There are 2,000 news articles in the data/R00000000_data.zip file (replacing R00000000 with Unzip the news articles (data/R00000000_data.zip) into the data/files folder.  

Each news article can be viewed in Notepad and is in the format:

<REPORTER>Student Name</REPORTER> 

<DATE>News Article Date</DATE> 

<CATEGORY>News Article Category</CATEGORY> 

<HEADLINE>News Article Headline</HEADLINE> 

<ARTICLE>News article Text</ARTICLE> 

Create a single dataframe containing the 2,000 news articles with the headings: [news_category, news_headline, news_article] and save the dataframe as data/R00000000_processed.csv replacing R00000000 .

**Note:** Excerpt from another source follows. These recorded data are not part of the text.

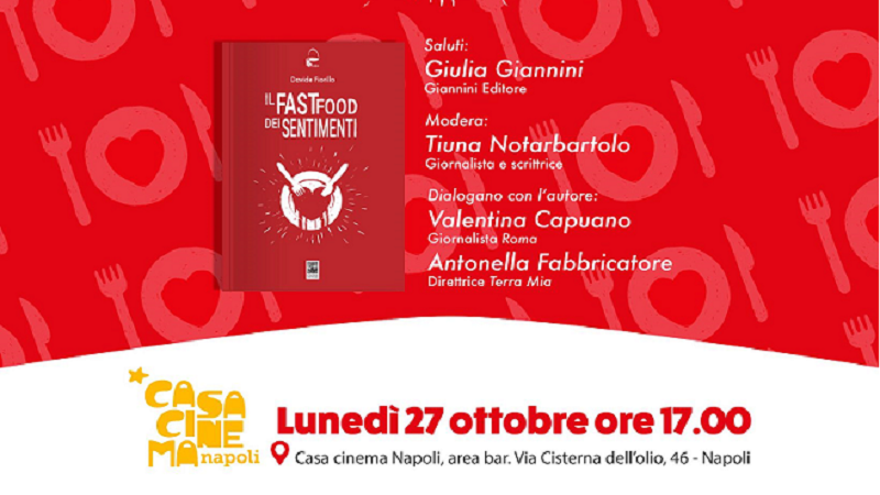 Prima e attesissima presentazione del libro “Il fast food dei sentimenti” di Davide Fiorillo, l’appuntamento è fissato presso la Casa Cinema, area bar, via Cisterna dell’olio 46 Napoli, lunedì 27 ottobre alle ore 17. Il libro è pubblicato dalla Giannini Editore nella collana La Cisterna. Dopo i saluti di Giulia Giannini della Giannini Editore, dialogheranno con l’autore le giornaliste: Valentina Capuano del Roma e Antonella Fabbricatore direttrice del quotidiano Terra Mia. Modera Tiuna Notarbartolo, giornalista e direttrice del Premio Elsa Morante.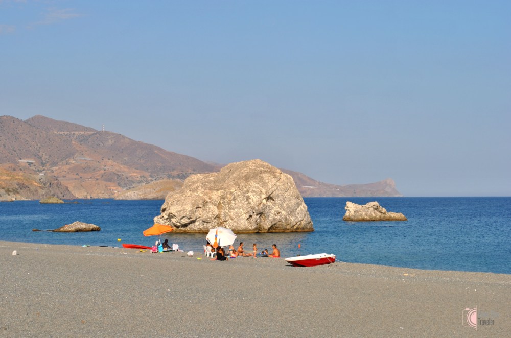 Η μεγάλη παραλία που συναντήσαμε, λίγο πριν τον οικισμό με τον όμορφο κολπίσκο, ήταν αυτή που μας εντυπωσίασε πραγματικά. Μία μαγευτική θάλασσα απλωνόταν στα πόδια μας, πεντακάθαρη και καταγάλανη. Μία από τις πιο όμορφες παραλίες στα νότια παράλια της Κρήτης, τα οποία βέβαια, η αλήθεια να λέγεται, σπάνια μας προδίδουν!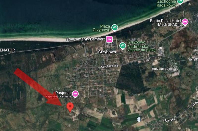 Działka zlokalizowany w nadmorskiej miejscowości Mielenko, Gm. Mielno, ok. 800 m od morza (w linii prostej);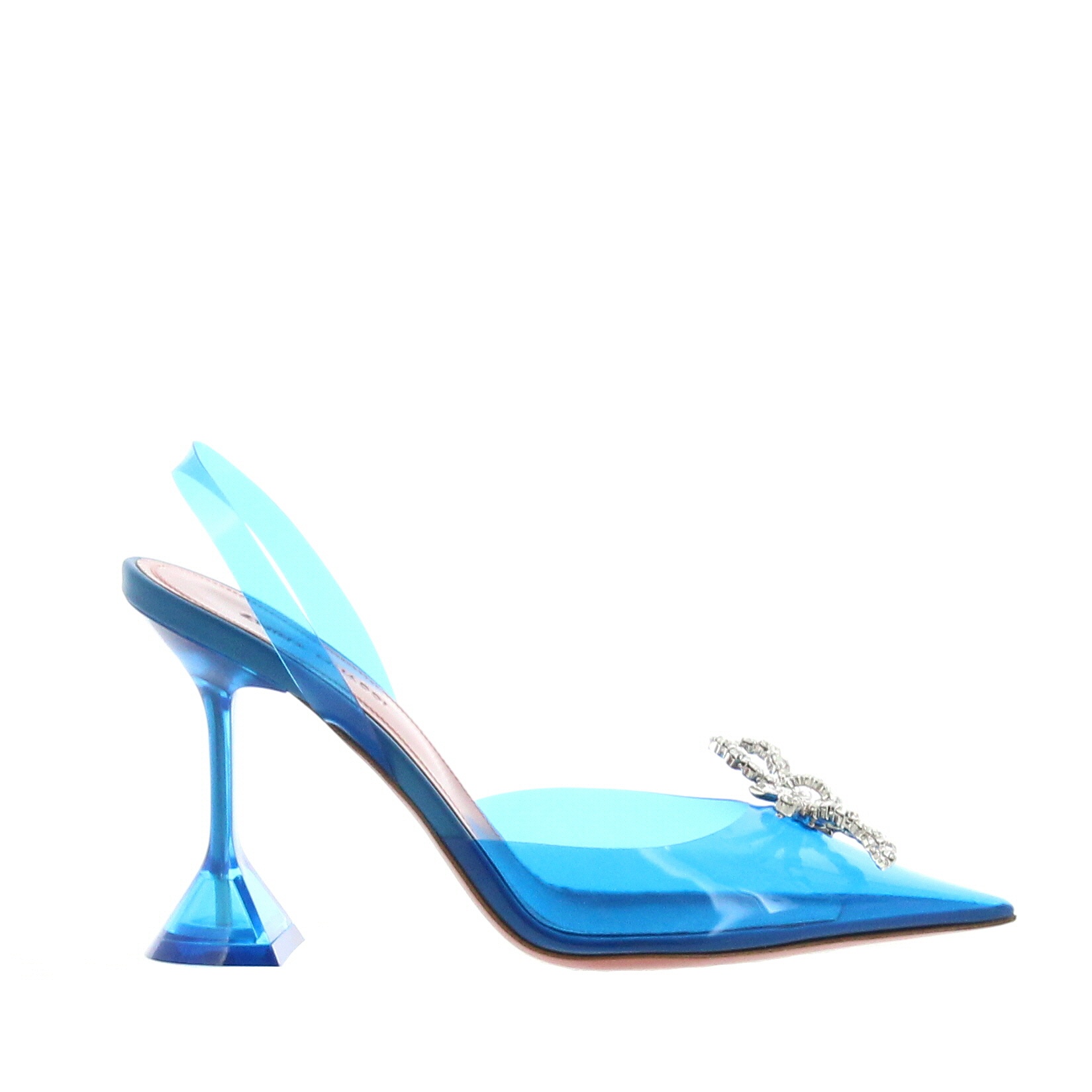 The Rosie Glass slingback is set on the iconic 95mm heel by Amina Muaddi. Crafted in Azur PVC with the signature brooch. Made in Italy.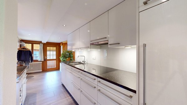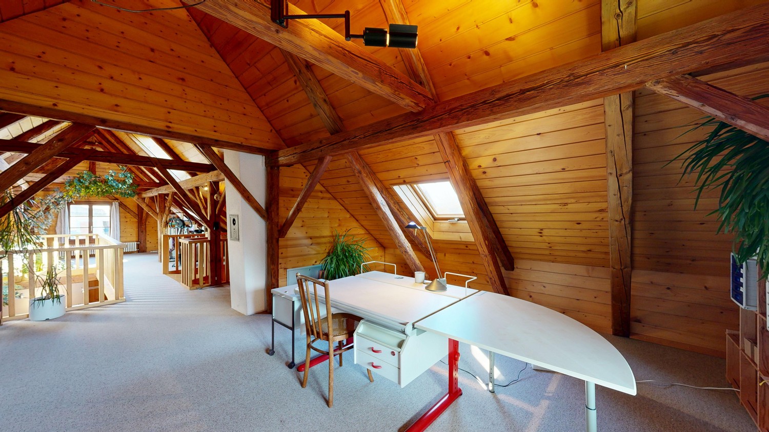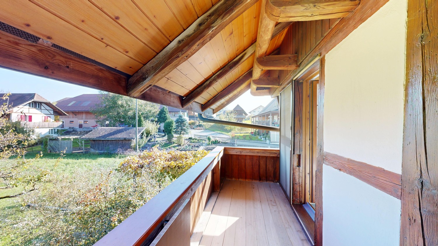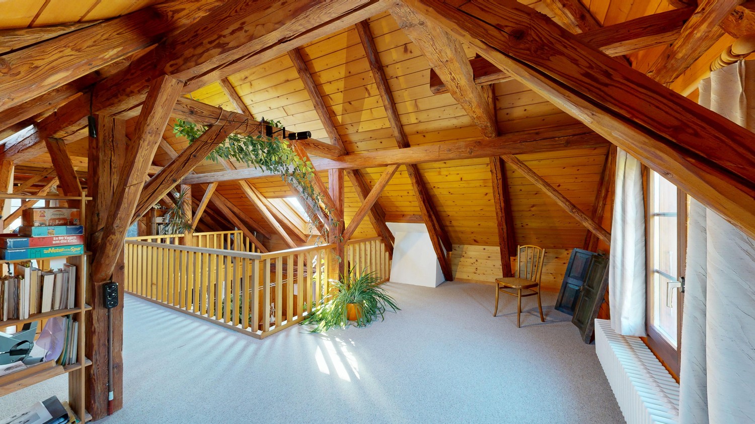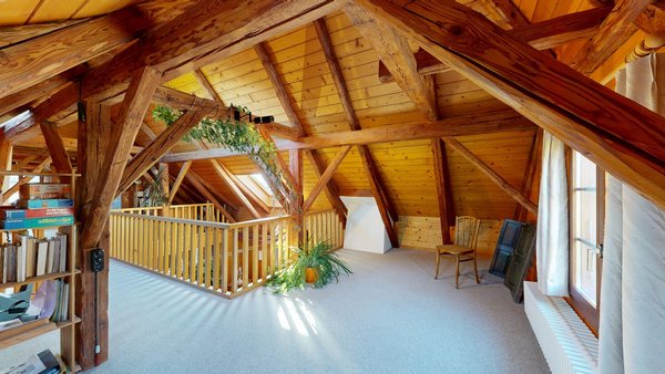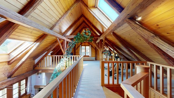 Über den Balkon/Laube im Obergeschoss gelangen Sie in die 5 ½ Zimmer-Wohnung mit Galerie. Der einladende Eingangsbereich bietet Platz für eine Garderobe. Die Küche lädt zu gemütlichen Kochabende ein und ist wie folgt ausgestattet: Glaskeramikkochfeld, Dunstabzug, Backofen, Geschirrspüler, Kühlschrank mit Gefrierfach, Granitabdeckung usw. Durch die Küche erreichen Sie das Badezimmer 1, ausgestattet mit Dusche, WC, Lavabo und Fenster. Das Badezimmer 2 befindet sich beim Essbereich und verfügt über eine Badewanne, WC, Lavabo, Fenster sowie ein praktisches Reduit. Das Cheminée im grosszügigen Essbereich sorgt an kalten oder regnerischen Tagen für wohlige Wärme und eine angenehme Atmosphäre. Das lichtdurchflutete Wohn- oder Schlafzimmer 2 bietet Zugang zur Laube/Balkon mit Blick in den Garten. Die beiden Schlafzimmer 3 und 4 befinden sich nebeneinander und sind vom Essbereich aus zugänglich. Eine Treppe führt vom Essbereich ins Galeriegeschoss. Dort befinden sich die offene Galerie sowie ein weiteres Büro-/Schlafzimmer 5, das aktuell offen gestaltet ist.

All code required to reproduce the data ETL process should be placed in the Python library file (at the bottom where indicated): lib/R00000000_util.py and able to be called from the Jupyter Notebook: R00000000_A2_Notebook.ipynb.

 

 

 

Data Modelling – 20%
Create 3 multi-class classification models to classify news article categories using the sample data provided to train

& test your models. For each model, briefly explain in your report why you selected this model and its accuracy (overall & individual class) on your data. Also provide your recommendations for best models and settings based on your research in the report.

In your report explain your choice of text pre-processing technique (e.g., bag of words, TF-IDF etc.) for each model and also include what text preparation methods you employed (e.g., lowercase, stemming etc.).

For each model, use some form of model parameter optimisation (e.g., grid search, partial grid search etc.) to determine the best model parameters and ensure the models are not overfitted (i.e., they generalise to unseen data).

For each model show the model classification report and confusion matrix in your Jupyter notebook.

Split your dataset into a training set (80%) and a test set (20%) using the seed (random_state=8001).  

Using the Python class provided in lib/R00000000_util.py, save the objects to the model folder as: [model/R00000000_model_1.pkl, model/R00000000_model_2.pkl., model/R00000000_model_3.pkl]

All code required to reproduce the modelling process should be placed in the Python library file: lib/R00000000_util.py and able to be called from the Jupyter Notebook: R00000000_A2_Notebook.ipynb.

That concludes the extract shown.